One thing I am certain of, there isn’t the real error, there are likely several errors.

You will not find the word DEBUG anywhere in events.log. Ever. Period.

A runlevel log looks like this:

2023-03-08 16:10:48.137 [INFO ] [openhab.event.StartlevelEvent       ] - Startlevel '40' reached.

A RuleStatusInfoEvent looks like this:

2023-03-08 16:11:33.433 [INFO ] [openhab.event.RuleStatusInfoEvent   ] - sensor_status_detection updated: RUNNING
2023-03-08 16:11:33.471 [INFO ] [openhab.event.RuleStatusInfoEvent   ] - sensor_status_detection updated: IDLE

Notice, “DEBUG” appears nowhere.

You could set the entries in log4j2.xml to INFO instead of DEBUG and nothing would change. The setting suppresses logs below a certain level. It doesn’t change those levels.

Peter_Novotny · March 10, 2023, 12:27pm

Thank you for your response, I have learned something new again.

Thank you, I missed this information when checking OH3 docs. Was looking for possibility to turn it off or uninstall. It is not clear to me from manual how to do it correctly? It seems (?) that deleting rrd4j.persist should be sufficient?

Sorry, no dimmer, no percentage, have double checked and switch and number are the main items + DateTime and Group.

SD card is bought on 20.11.2022 (from that time I’m trying to make OH3 running) and it is Kingston Industrial rated for “up to” 1920 TBW (I can not find anything better, if you have tip for better card would be glad to know), created backup image now, filled with 1, read, filled with 0, read and no errors found (image flashed back). The card was not used before and is whole time used only for OH3 migration, maybe 200 hours runtime (no 24/7 run, I manually started the Rapberry when I was working on the migration and shutdown afterwards)

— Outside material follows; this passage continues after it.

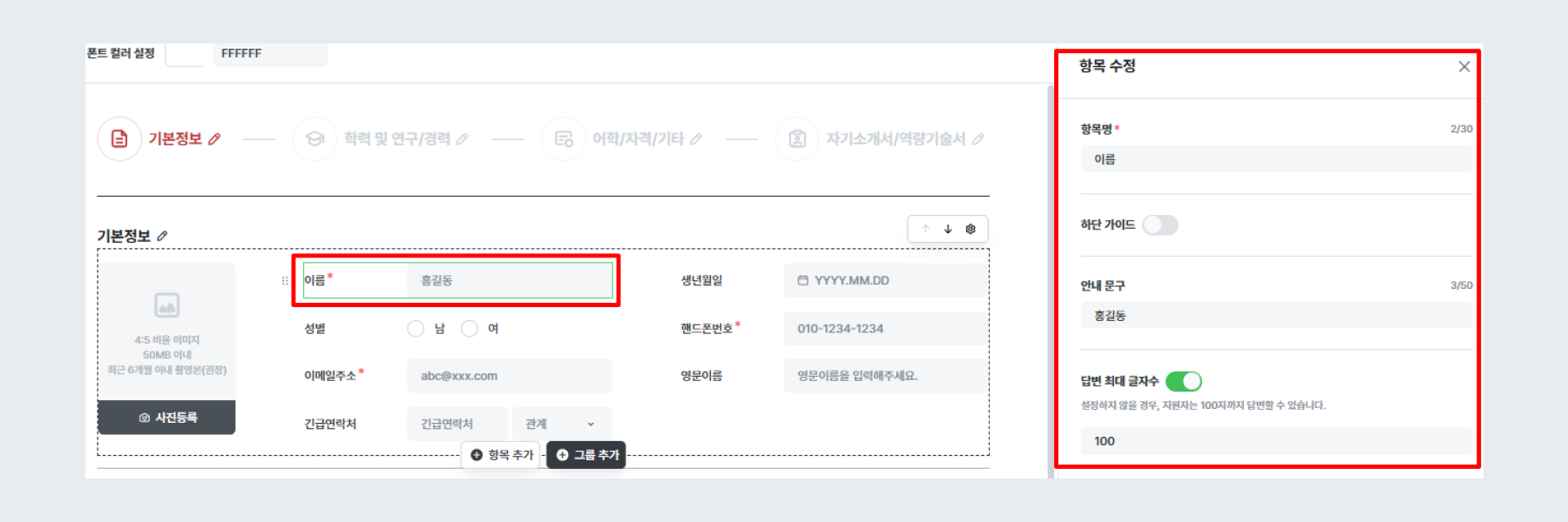 실제 지원자가 작성하게 될 지원서의 항목을 구성하는 메뉴입니다.

Apologize for stupid questions and thank you for explanation. I was simply used to see DEBUG in log when I turn on DEBUG. Was not expecting (maybe have not read the manual carefully enough) that all records will be info regardless of level.
Is there a way to verify my change of log level configuration was correct and taken into account by OpenHab?

I see in the logs runlevel reached

2023-03-07 20:50:05.752 [INFO ] [openhab.event.StartlevelEvent       ] - Startlevel '40' reached.
2023-03-07 20:50:05.756 [INFO ] [openhab.event.StartlevelEvent       ] - Startlevel '50' reached.
2023-03-07 20:50:05.760 [INFO ] [openhab.event.StartlevelEvent       ] - Startlevel '70' reached.
2023-03-07 20:50:05.769 [INFO ] [openhab.event.StartlevelEvent       ] - Startlevel '80' reached.
2023-03-07 20:50:05.773 [INFO ] [openhab.event.StartlevelEvent       ] - Startlevel '100' reached.

and this is the Java garbage first occurence.

2023-03-07 20:50:04.239 [ERROR] [nal.common.AbstractInvocationHandler] - An error occurred while calling method 'QueryablePersistenceService.query()' on 'org.openhab.persistence.rrd4j.internal.RRD4jPersistenceService@688a70fb': Value must be between 0 and 100

Comparing timing, the Java error 20:50:04.239 is earlier than start level 40 20:50:05.752.
If I remember correctly items does not exists prior to runlevel 80 20:50:05.769(?)

hafniumzinc · March 10, 2023, 2:45pm

Settings → Other Add-ons → Persistence Services → RRD4j Persistence → Remove

rlkoshak · March 10, 2023, 3:49pm

It’s an addon like any other. Go to Settings → Other Addons and click “Remove” next to rrd4j.

That will just cause it to save and restore Item states using the default strategy.

You’ve just done it. You change the setting to print out logs above DEBUG level. You are not seeing INFO level logs for that logger.

No, Items are loaded and restoreOnStartup occurs arouund level 20 or 30. Definitely before your rules are loaded at level 40. It’s the Things that are loaded later at runlevel 80. The sequence is:

Items loaded → Items populated with states from restoreOnStartup (the part that is generating this error) → Rules are loaded → Rule Engine Starts → UI is loaded → Things are loaded

The previous startlevel need not complete before the next one starts.

Peter_Novotny · March 11, 2023, 8:02pm

I understand it is nice to have clickable interface, but if the steps should be repeatable it can be problem. Is there any command line option to delete the add-on? Because my screen with other add-ons is empty.

Part bindings contain some items, but for example I know that I have installed exec binding and RegEx transformation and now can not find them any more.